A vigorous aftershock sequence is following the strongest earthquake to hit Southern California in 20 years.
A magnitude 5.4 quake at 4:07 a.m. Friday is so far the strongest aftershock of Thursday’s magnitude 6.4 jolt, and was felt widely.
Seismologists had said there was an 80% probability of an aftershock of that strength.
Thursday’s big quake struck in the Mojave Desert, about 150 miles (240 kilometers) northeast of Los Angeles, near the town of Ridgecrest, which suffered damage to buildings and roads.
The strongest earthquake in 20 years shook a large swath of Southern California and parts of Nevada on the July 4th holiday, rattling nerves and causing injuries and damage in a town near the epicenter, followed by a swarm of ongoing aftershocks.
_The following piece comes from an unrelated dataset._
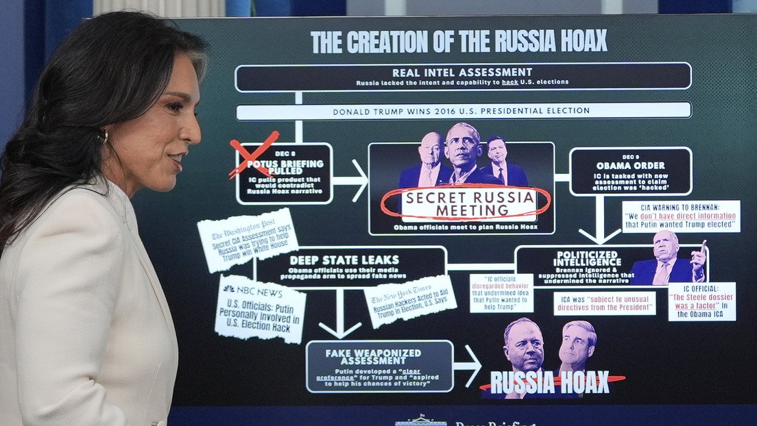 La directora de inteligencia nacional de Estados Unidos, Tulsi Gabbard, ha publicado en la red X dos correos electrónicos recién desclasificados que dejan al descubierto que un predecesor suyo en el cargo, James Clapper, ordenó a sus subordinados fabricar pruebas de la supuesta implicación de Rusia en la elección de Donald Trump para su primer mandato presidencial, y hacerlo de manera coordinada.

The 6.4 magnitude quake struck at 10:33 a.m. Thursday in the Mojave Desert, about 150 miles (240 kilometers) northeast of Los Angeles, near the town of Ridgecrest, California.
Kern County Fire Chief David Witt says multiple injuries and two house fires were reported in the town of 28,000. Emergency crews were also dealing with small vegetation fires, gas leaks and reports of cracked roads.
Witt says 15 patients were evacuated from the Ridgecrest Regional Hospital as a precaution and out of concern for aftershocks.